## ACTIVITY
The pictures in the listing below are to be skipped, while the lines between the line holding "In this tab, you" and the line holding "〇同素材のカーデとのセットアップコーデもおススメ!", inclusive, are to be output exactly.

## DATASET RECORDS
• • •
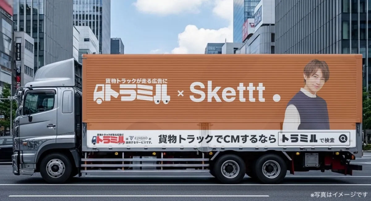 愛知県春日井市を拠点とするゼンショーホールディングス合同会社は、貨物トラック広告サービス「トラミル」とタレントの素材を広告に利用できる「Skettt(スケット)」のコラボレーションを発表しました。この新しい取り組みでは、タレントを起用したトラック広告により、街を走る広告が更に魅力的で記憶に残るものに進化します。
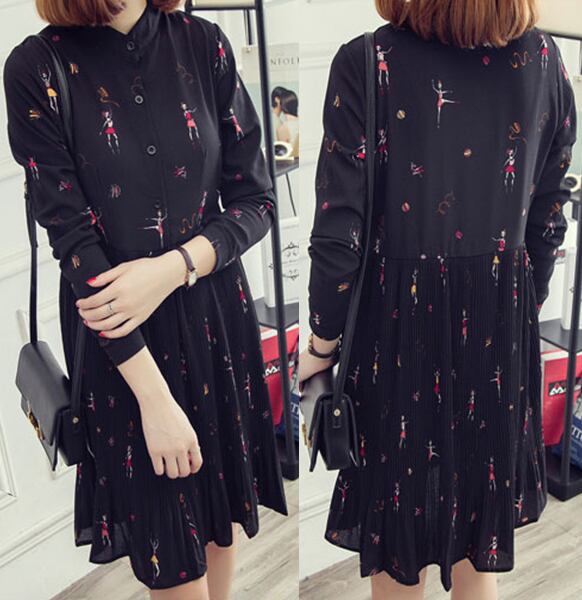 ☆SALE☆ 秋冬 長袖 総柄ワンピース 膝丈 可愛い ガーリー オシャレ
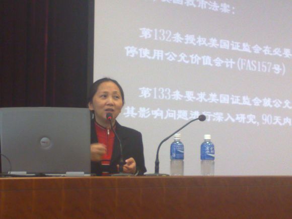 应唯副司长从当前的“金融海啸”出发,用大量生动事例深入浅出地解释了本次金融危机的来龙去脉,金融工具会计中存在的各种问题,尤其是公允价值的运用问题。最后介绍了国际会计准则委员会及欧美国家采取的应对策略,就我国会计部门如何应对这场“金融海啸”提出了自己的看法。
• • •
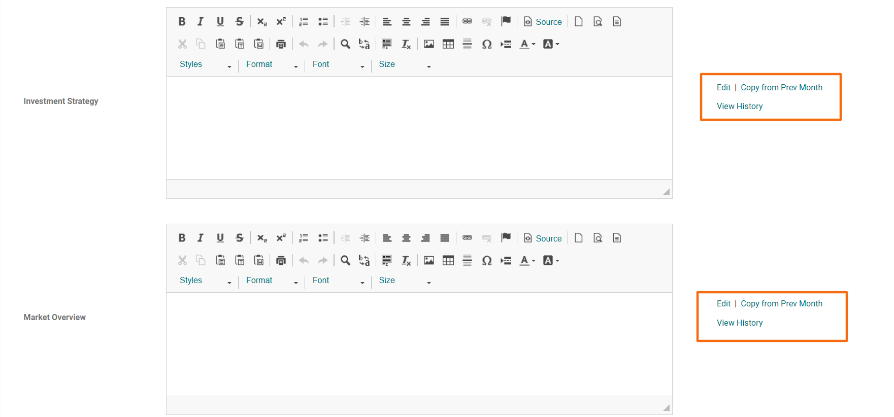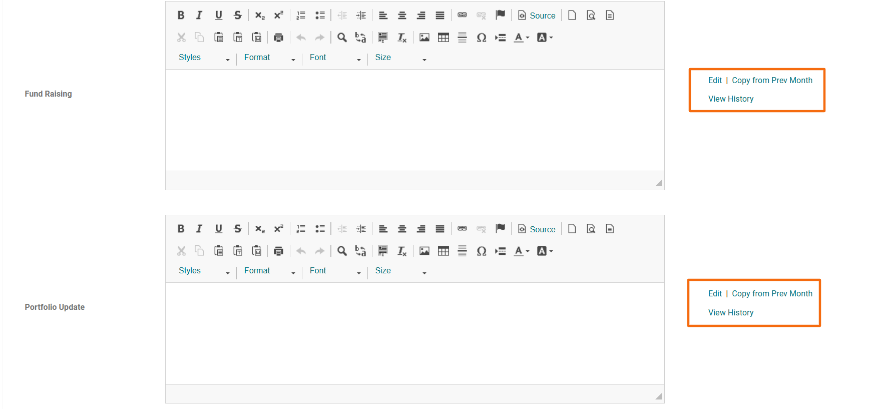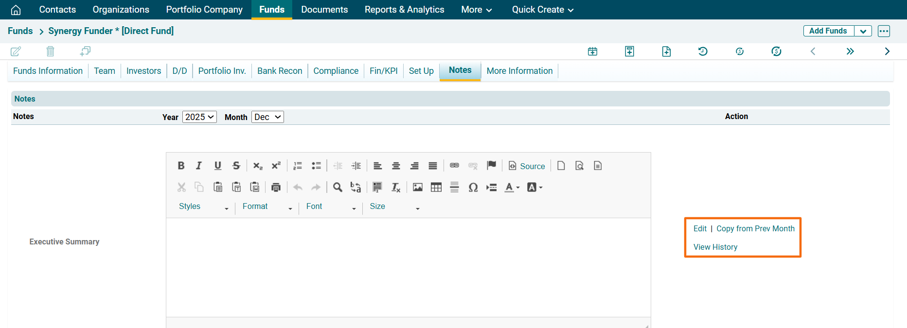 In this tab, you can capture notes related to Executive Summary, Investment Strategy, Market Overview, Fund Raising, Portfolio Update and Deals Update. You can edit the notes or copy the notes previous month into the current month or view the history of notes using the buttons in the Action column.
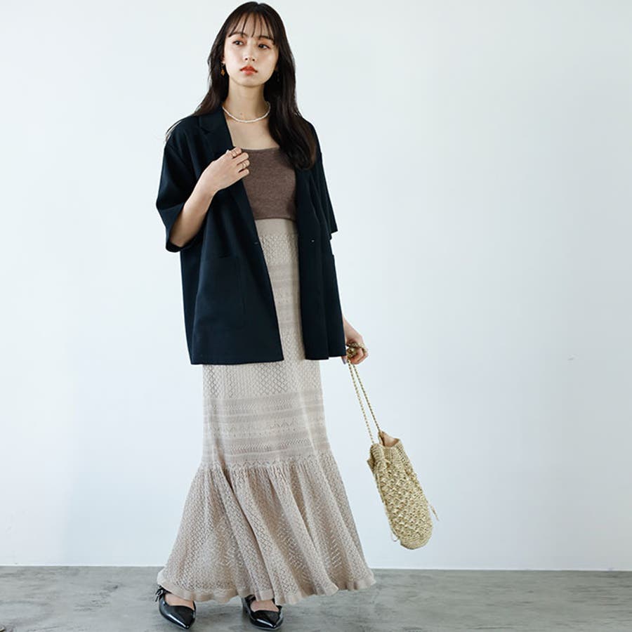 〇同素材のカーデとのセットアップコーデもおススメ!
• • •
## RESULT OF THE TASK
 In this tab, you can capture notes related to Executive Summary, Investment Strategy, Market Overview, Fund Raising, Portfolio Update and Deals Update. You can edit the notes or copy the notes previous month into the current month or view the history of notes using the buttons in the Action column.
 〇同素材のカーデとのセットアップコーデもおススメ!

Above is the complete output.